En relación a estas cuatro estrategias, y en verdad respecto de cualquier política de desarrollo rural, se plantea la diversificación como medio y como meta, y debería añadirse también, es nuestra propuesta, una gestión propositiva de la diversidad. Así, una polinización cruzada suele ser fundamento de una mayor creatividad (Rauch 1993) e induce situaciones en las que prima la cohesión y el bienestar, a partir de la fortaleza de los vínculos entre personas que se reconocen y cooperan porque valoran a los diferentes (Granovetter 1973).

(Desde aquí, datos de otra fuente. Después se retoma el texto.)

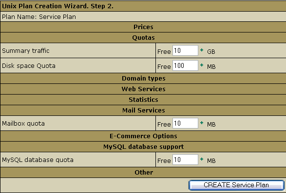 Most Resellers will choose either a Windows or Unix Plan wizard on this step. Choosing either a Windows or Unix plan will allow you to setup your hosting environment based on either operating system, with the benefits (or limitations) of each.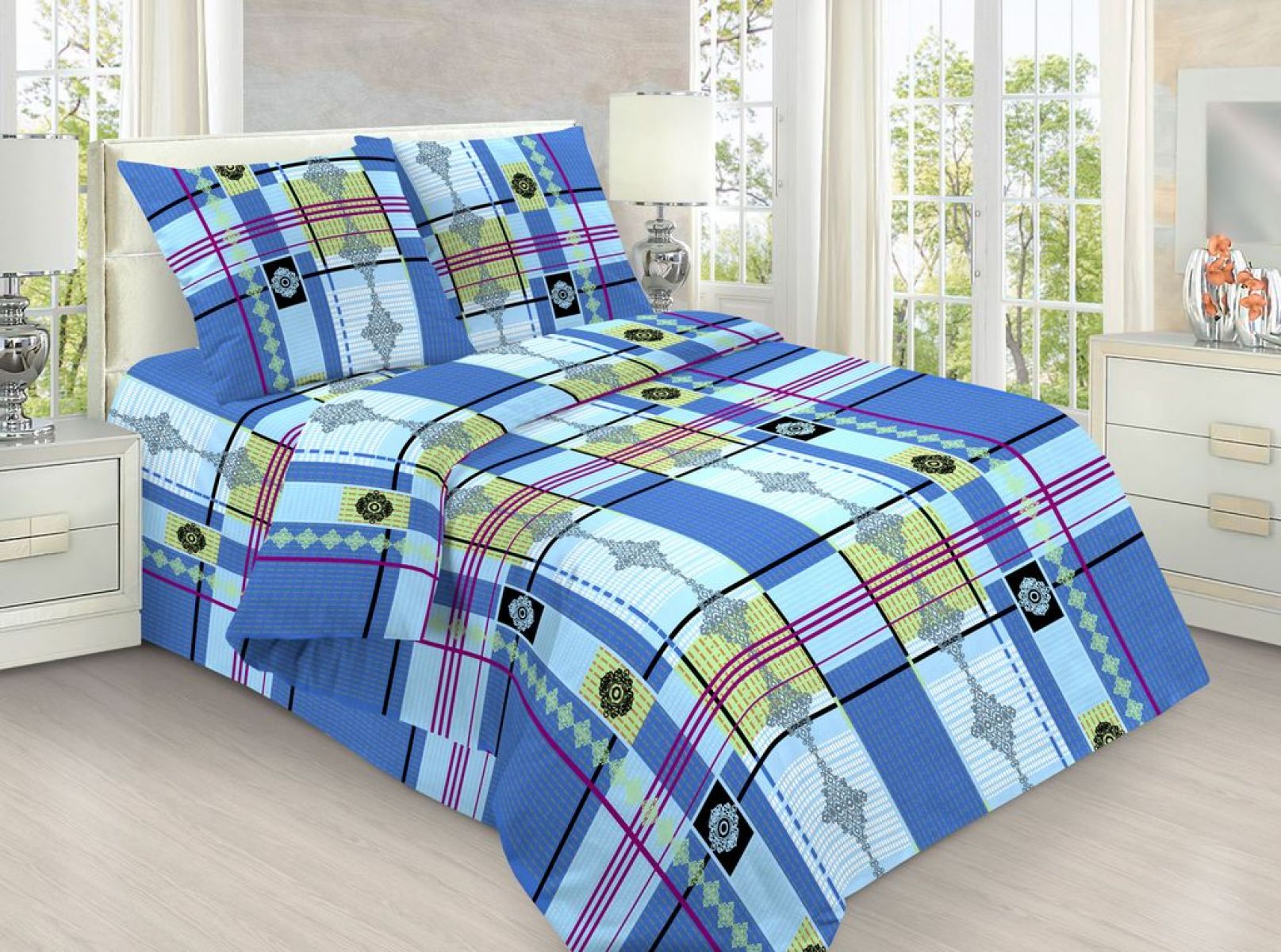 Эта бязь выполнена из 100% хлопка и обладает плотностью 120 г/м², что гарантирует долговечность и приятные тактильные ощущения. Яркий и современный дизайн в синих тонах с геометрическими узорами придаст вашему пространству свежести и оригинальности.

Sin embargo, las lecturas más habituales suelen quedarse en su acepción meramente funcional y urbana, que, siendo muy relevante, no tienen en cuenta otras “diversidades” culturales, etarias, étnicas, afectivas, etc. que desencadenan dinámicas importantes, habitualmente hibridadas con las que generan una mayor competitividad y que en pequeñas poblaciones cristalizan en un cosmopolitismo peculiar.
En este artículo se reflexiona sobre cómo la diversidad del mundo rural contribuye a esas cuatro líneas antes citadas ‒fortaleza, integración, resiliencia y dinamismo‒ pero introduciéndonos por sus significados más humanistas, para ser más audaces y que se hable de relaciones y compromisos más que de funciones y sinergias, de comunidades antes que de unidades administrativas, y de felicidad como algo que metaboliza la eficiencia y la dota de mayor profundidad, especialmente, en las pequeñas poblaciones rurales.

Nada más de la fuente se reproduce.